### Work task
Retype exactly the span of lines below from the one with "Make a statement" through the one with "Last week’s caption". Do not include pictures.

[Records drawn from a dataset]

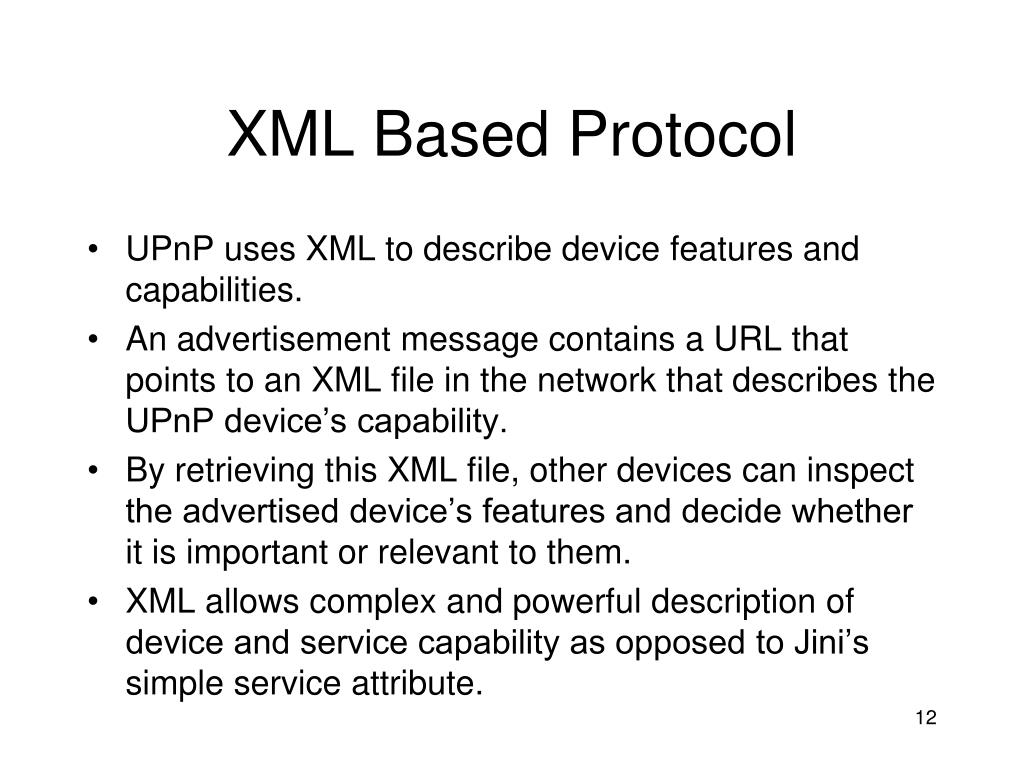 XML Based Protocol • UPnP uses XML to describe device features and capabilities. • An advertisement message contains a URL that points to an XML file in the network that describes the UPnP device’s capability. • By retrieving this XML file, other devices can inspect the advertised device’s features and decide whether it is important or relevant to them. • XML allows complex and powerful description of device and service capability as opposed to Jini’s simple service attribute.
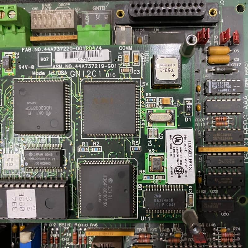 من الناحية الوظيفية، يتمثل دورها الأساسي في حماية الخط لأنظمة التحكم في التوربينات، مدعومة بأجهزة متخصصة: سبعة وصلات قابلة للتكوين وكتلتين طرفيتين. تخدم الوصلات أغراضًا محددة: JP1–JP3 للإشارة إلى فتيل مرشح خط MOV/AC المنفوخ، JP4/JP7 لاستشعار تيار الأرض التناظري لجانب AC/DC، JP5 لتطبيق جهد جسر المقاوم التأريض، و JP6 لتصفية تموج SCR. يتم تضمين نقاط الاختبار أيضًا لفحوصات الصيانة، ويتم تركيب اللوحة على فواصل لمكون محرك آخر، مع أسلاك إشارة تنشأ من هذا المكون.
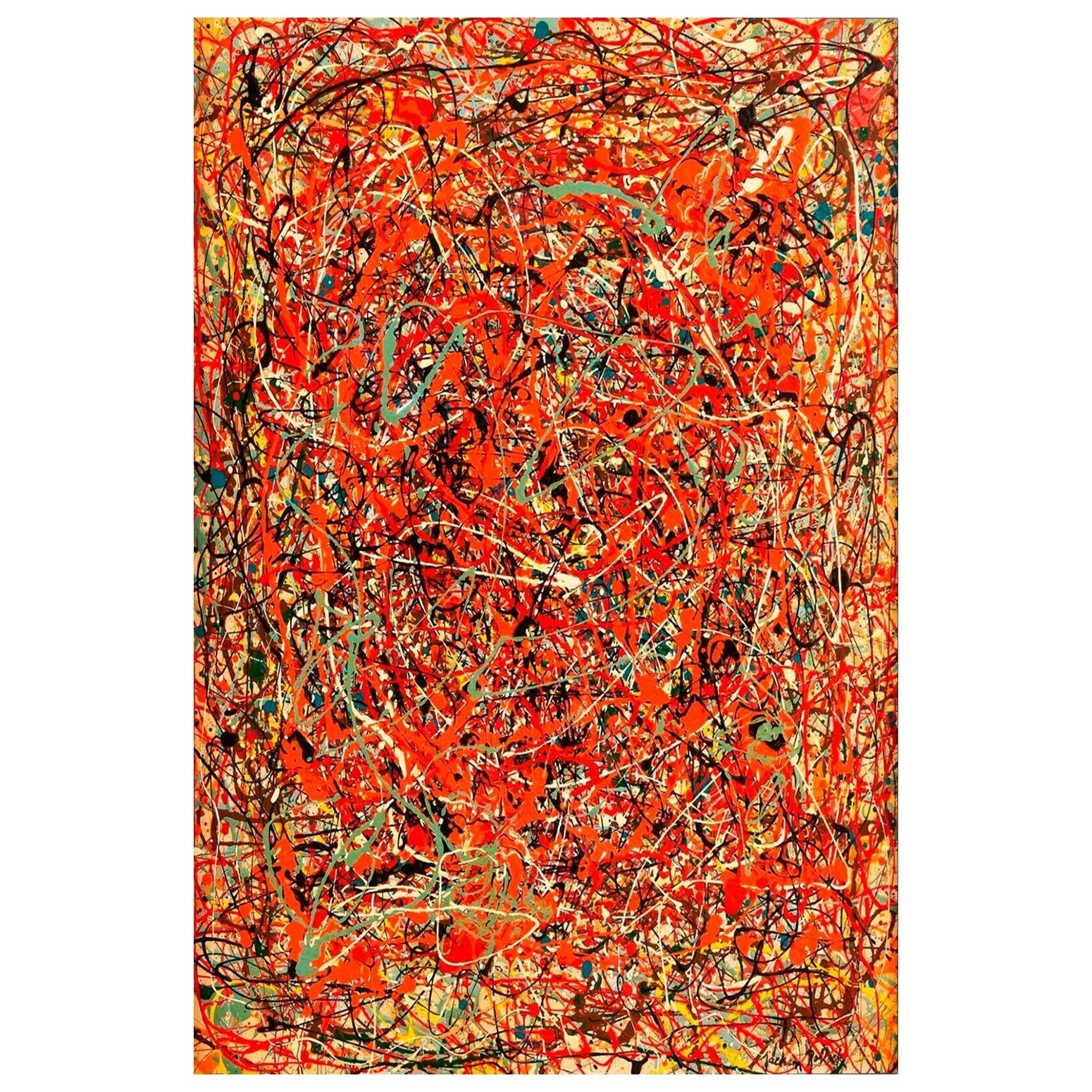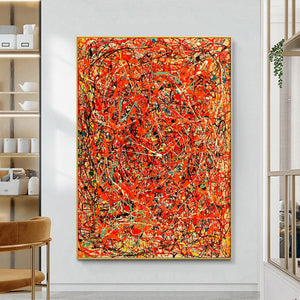 In this dynamic artwork, a blazing red background ignites a whirlwind of chaos.. Experience the raw energy and intensity captured in this painting, where passion and colorful mayhem merge into a mesmerizing meltdown of artistic expression.
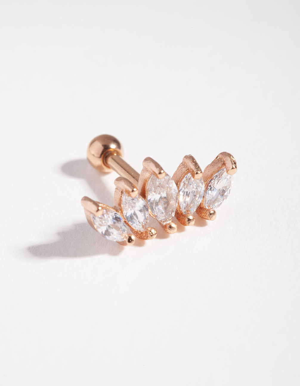 Make a statement with a fashion barbell piercing! This piece is rose-gold-toned and boasts beautiful marquise stones that are sure to catch the light. This piece has a surgical steel post, which makes it mo re gentle for daily use. It has a gauge of 16 and is 1.2mm in length.
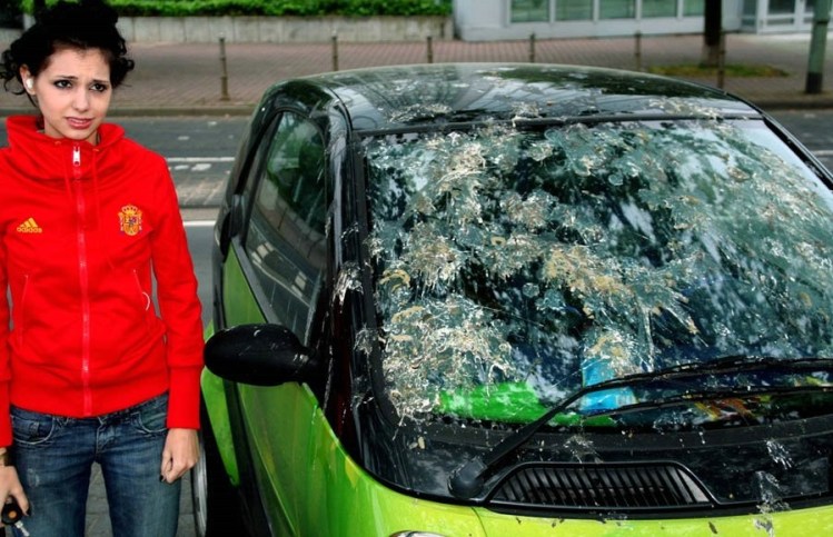 Last week’s caption contest dealt with a serious topic — the oil spill.  Since we can’t have too much seriousness here on this blog, this week’s caption contest will use a photo that leads to easy jokes and easy humor — a car windshield covered in bird poop, and the car’s owner looking quite distraught.  So write a caption explaining what’s going on here or what the woman is thinking or what her friends are thinking, or make up something totally different.  Just keep it clean and funny.
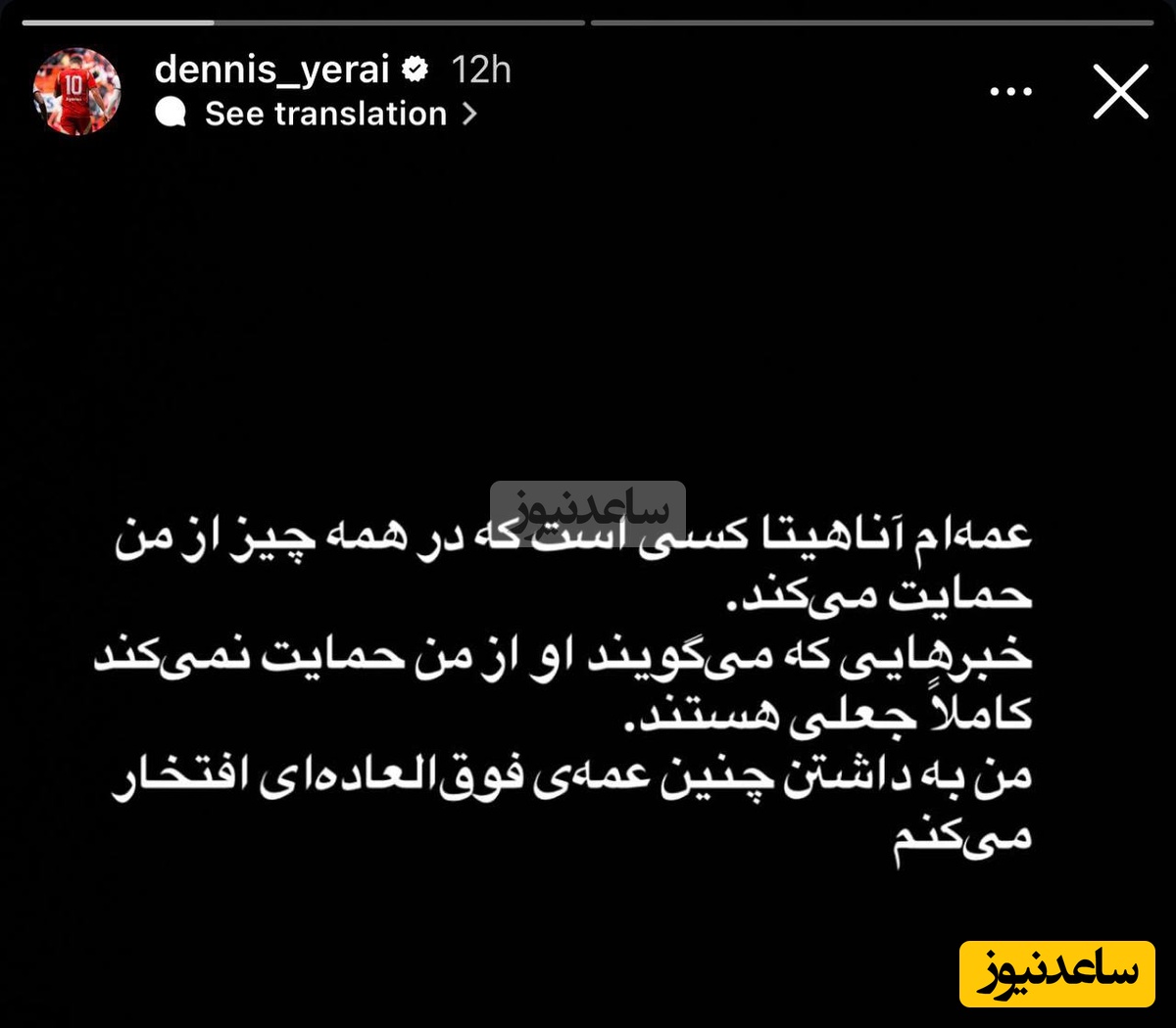دنیس اکرت با انتشار یک استوری اینستاگرامی که نوشتن آن با زبان فارسی جالب توجه بود، عنوان کرد: «عمهام آناهیتا کسی است که در همه چیز از من حمایت میکند. خبرهایی که میگویند او از من حمایت نمیکند، کاملا جعلی هستند. من به داشتن چنین عمهی فوقالعادهای افتخار میکنم.»
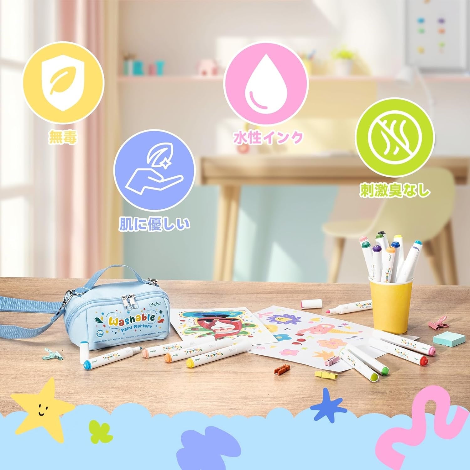 手についてしまっても簡単に落とせるので、お子様でも安心してご使用いただけます!不透明な水性インクでマットな質感に🌈

### Answer area
 Make a statement with a fashion barbell piercing! This piece is rose-gold-toned and boasts beautiful marquise stones that are sure to catch the light. This piece has a surgical steel post, which makes it mo re gentle for daily use. It has a gauge of 16 and is 1.2mm in length.
 Last week’s caption contest dealt with a serious topic — the oil spill.  Since we can’t have too much seriousness here on this blog, this week’s caption contest will use a photo that leads to easy jokes and easy humor — a car windshield covered in bird poop, and the car’s owner looking quite distraught.  So write a caption explaining what’s going on here or what the woman is thinking or what her friends are thinking, or make up something totally different.  Just keep it clean and funny.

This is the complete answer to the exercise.